AIDS 2010: Drug Resistance Linked to Faster Hepatitis B Liver Disease Progression in HIV/HBV Coinfected Patients


HIV/HBV coinfected individuals may be less likely to have hepatitis B virus (HBV) with mutations conferring resistance to lamivudine (3TC; Epivir), but those who do have drug resistance experience faster liver disease progression and are more likely to develop cirrhosis, according to a study from Romania presented last month at the XVIII International AIDS Conference (AIDS 2010) in Vienna.

Over years or decades, chronic hepatitis B can lead to advanced liver disease including cirrhosis and hepatocellular carcinoma (HCC). Research suggests that this progression happens more rapidly in HIV/HBV coinfected people compared with HIV negative individuals, but effective antiretroviral therapy (ART) may slow the process. A number of drugs used in ART -- including lamivudine, emtricitabine (Emtriva), and tenofovir (Viread) -- are active against both HIV and HBV.

Irina Magdalena from Dumitru Ovidius University in Constanta, Romania, and colleagues looked at the long-term evolution of liver disease among coinfected patients receiving combination ART.

The prospective observation cohort study included 72 HIV/HBV coinfected participants who did not show signs of liver disease at baseline. This group was unlike most US and European HIV cohorts in that just over half (54%) were men and the median age was only 29 years. The median CD4 cell count was low, at 230 cells/mm3. About two-thirds were hepatitis B "e" antigen (HBeAg) negative; none had hepatitis C or D.

Participants were followed for a period of 5 years on ART, and all were taking combination regimens containing a ritonavir-boosted protease inhibitor. Clinical and virological data were collected every 3-6 months and ultrasound imaging was done annually to monitor for liver cancer; FibroScan (transient elastometry) was performed during the last year. All patients with detectable serum HBV DNA viral load were tested for HBV drug resistance.
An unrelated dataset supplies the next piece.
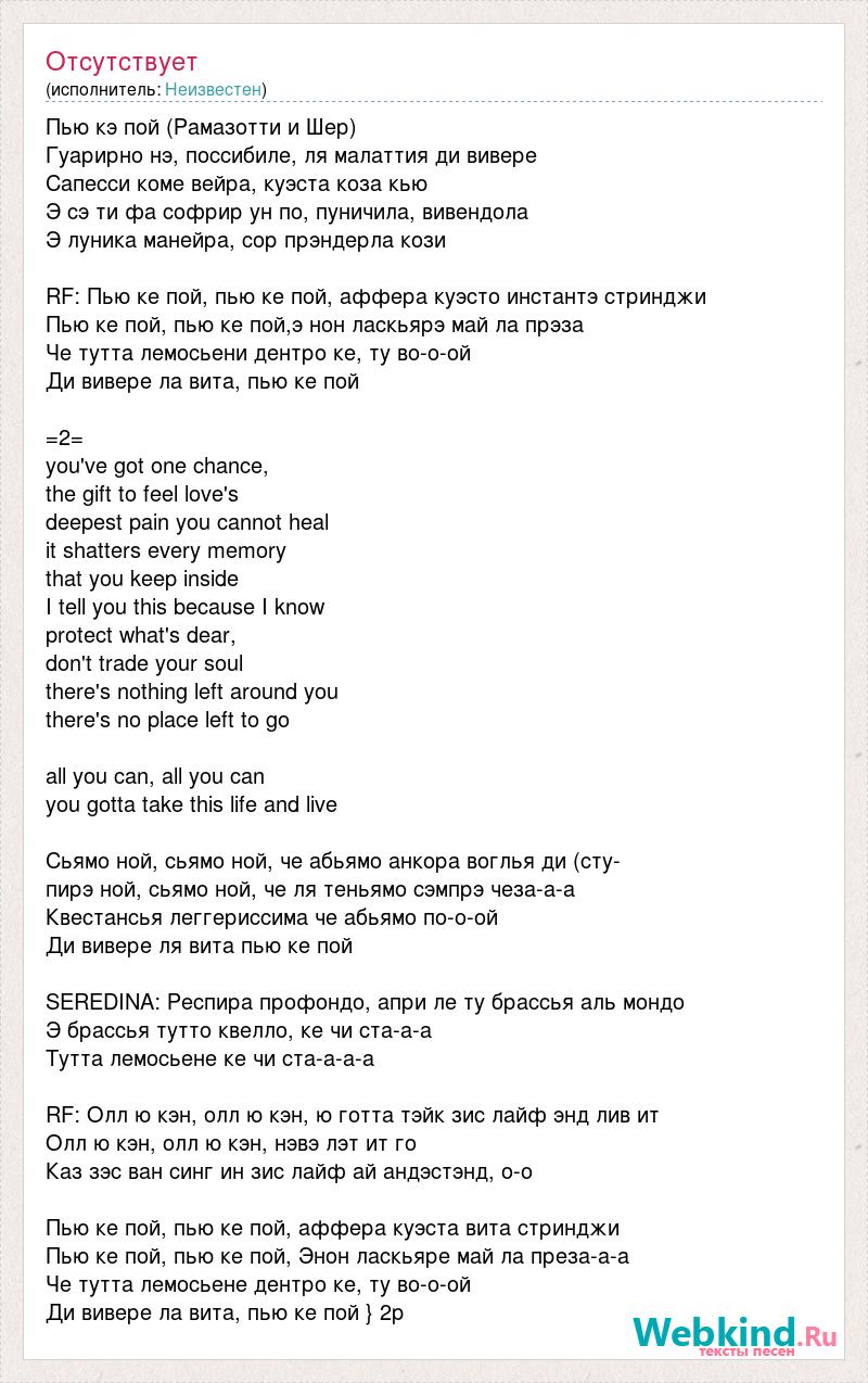 Пью кэ пой (Рамазотти и Шер) Гуарирно нэ, поссибиле, ля малаттия ди вивере Сапесси коме вейра, куэста коза кью Э сэ ти фа софрир ун по, пуничила, вивендола Э луника манейра, сор прэндерла кози RF: Пью ке пой, пью ке пой, аффера куэсто инстантэ стринджи Пью ке пой, пью ке пой,э нон ласкьярэ май ла прэза Че тутта лемосьени дентро ке, ту во-о-ой Ди вивере ла вита, пью ке пой =2= you've got one chance, the gift to feel love's deepest pain you cannot heal it shatters every memory that you keep inside I tell you this because I know protect what's dear, don't trade your soul there's nothing left around you there's no place left to go all you can, all you can you gotta take this life and live Сьямо ной, сьямо ной, че абьямо анкора воглья ди (сту- пирэ ной, сьямо ной, че ля теньямо сэмпрэ чеза-а-а Квестансья леггериссима че абьямо по-о-ой Ди вивере ля вита пью ке пой SEREDINA: Респира профондо, апри ле ту брассья аль мондо Э брассья тутто квелло, ке чи ста-а-а Тутта лемосьене ке чи ста-а-а-а RF: Олл ю кэн, олл ю кэн, ю готта тэйк зис лайф энд лив ит Олл ю кэн, олл ю кэн, нэвэ лэт ит го Каз зэс ван синг ин зис лайф ай андэстэнд, о-о Пью ке пой, пью ке пой, аффера куэста вита стринджи Пью ке пой, пью ке пой, Энон ласкьяре май ла преза-а-а Че тутта лемосьене дентро ке, ту во-о-ой Ди вивере ла вита, пью ке пой } 2р

  • While no patients had signs of liver disease at the beginning of the study, 8 of 72 (11%) had advanced disease after 5 years of follow-up:
    • 5 cases of liver cirrhosis;
    • 2 cases of hepatocellular carcinoma;
    • 1 case of fulminant hepatitis.
  • All patients with advanced liver disease had high serum HBV DNA but undetectable HIV.
  • All had lamivudine resistance (mutations M204V, M204I, L180M, L80I).
  • 5 of these 8 patients died.
  • The remaining 64 patients had no signs of active liver disease, with ALT levels normal or < 2 x upper limit of normal and fibrosis stage F0-F1 (absent to mild) according to Fibroscan.
  • Among patients without advanced liver disease, 10 had lamivudine resistance.

Based on these findings, the researchers concluded, "In HIV/HBV coinfected patients treated with HAART, lamivudine resistance is less frequent (25%) than in immunocompetent patients (higher than 60%), but when [it] occurred, [it] was associated with an accelerated course of liver disease, with faster progression to cirrhosis, liver insufficiency and HCC."

"Appropriate monitoring of chronic viral hepatitis B in HIV positive patients include[s] the recognition of lamivudine resistance in every case of detectable HBV DNA level," they recommended.

Ovidius University Constanta, Faculty of Medicine, Constanta, Romania; Clinical Infectious Diseases Hospital, Constanta, Romania.



IM Dumitru, E Dumitru, S Rugina, and others. HBV related complications in HIV positive patients during HAART therapy. XVIII International AIDS Conference (AIDS 2010). Vienna, July 18-23, 2010. Abstract WEPDB204.